Nick Hancock talking about Peter Beardsley on They Think
It's All Over
1966 was a great year for English Football. Eric was born.
Nike
advertising slogan
1995 was a great year for English Football. Eric was banned.
T-Shirt
slogan on sale at Liverpool, Leeds United etc
I usually go out after a game wearing a normal suit - Versace, Armani, the
same as what most of the lads wear.
David James
All players in the Premiereship have their names on their backs. This is
supposedly for ease of identification but if anything it has created more
confusion. Rumour has it that when Julian Dicks moved to Liverpool he picked up
the No.23 shirt because it said Fowler on it.
Kevin Baldwin (author:
This Supporting Life: How To Be A Real Fan)
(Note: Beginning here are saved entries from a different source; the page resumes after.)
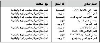 أعلنت وزارة التجارة والصناعة عن تلوث بعض منتجات الكحل المعروض في الأسواق بنسبة عالية من البكتيريا تفوق الحد المسموح به، وذلك وفاق ما أثبتته التحاليل بالإضافة إلى احتوائها على نسبة عالية من مادة الرصاص بأضعاف النسبة المسموح بها في المواصفة القياسية السعودية لمستحضرات التجميل.. وعممت الوزارة على جميع فروعها بالمناطق لسحب ومصادرة النوعيات المخالفة من ذلك الكحل في أسواق المملكة واتخاذ الإجراءات النظامية تجاه مصنعي ومستوردي تلك النوعيات. وشملت المنتجات..
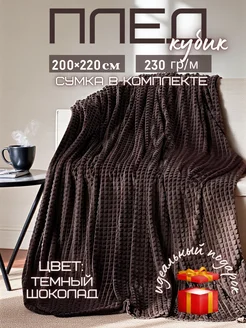 Плед кубик плюшевый шоколадного цвета евро размер 200×220
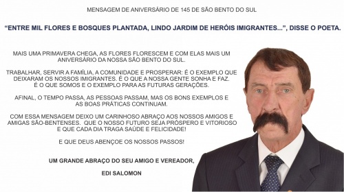 MENSAGEM DE ANIVERSÁRIO DE 145 DE SÃO BENTO DO SUL

I'd rather have Bruce Grobbelaar trying to throw a game than have Dave
Beasant trying to win one.
Southampton Fan
It was like Rourke's Drift there for Asprilla - everywhere he looked, there
was the enemy.
Alan Parry
I was watching Germany and as I got up to make a cup of tea I bumped into
the telly and Klinsmann fell over.
Frank Skinner
Well, if anyone was going to score against Milan then it had to be a goal.
Ray
Wilkins
Marcus Gayle would never have got away with being a born-again Christian had
he been around when we started all this.
Vinnie Jones, Marcus'
team-mate lamenting the passing of the Crazy Gang
Sometimes you have to show the world what is between your legs.
Graeme
Souness
They said I had groin problems because my thighs were so big.
Alan
Shearer
If I didn't perform, I was the first to get spanked. That's what happens
when you have a big reputation.
Ruud Gullitt
David James, Superstar, drops more bollocks than Grobellaar.
Manchester
Utd fans at the recent Liverpool - Manchester United game, following James'
bad run of form.
Super Callie Fabulistic, Airdrie Are Atrocious!
A Scottish newspaper
after Calledonian Thistle beat Airdrie
Many supporters say that they wouldn't stand for all-seater stadia.
Guy
Michelmore
The game finely balanced, with Celtic on top...
John Greig
For $%*&'s sake, will you shut up Jimmy!!!
Alan Hansen to
Jimmy Hill on Match of the Day
The defence was superb - I couldn't fault them.
Alan Hansen
Yes.
Jimmy Hill
We love you Carlisle, we do!
Burnley fans
Hey, why don't you guys move over into that empty stand, it looks like there
are too many of you in this terrace.
Stockport County Steward (see
AWS match report)
Oops, yes you're right - that was a penalty.
Average referee
We're making chances, Derek, and as long as you make chances, you've got a
chance.
John Greig
The most dramatic Rugby - you couldn't have written it in Roy of The
Rovers.
Nigel Starmer-Smith
I wouldn't be at all surprised if there was a shock result today
John
Greig
Being seven points behind gives you a definite psychological advantage.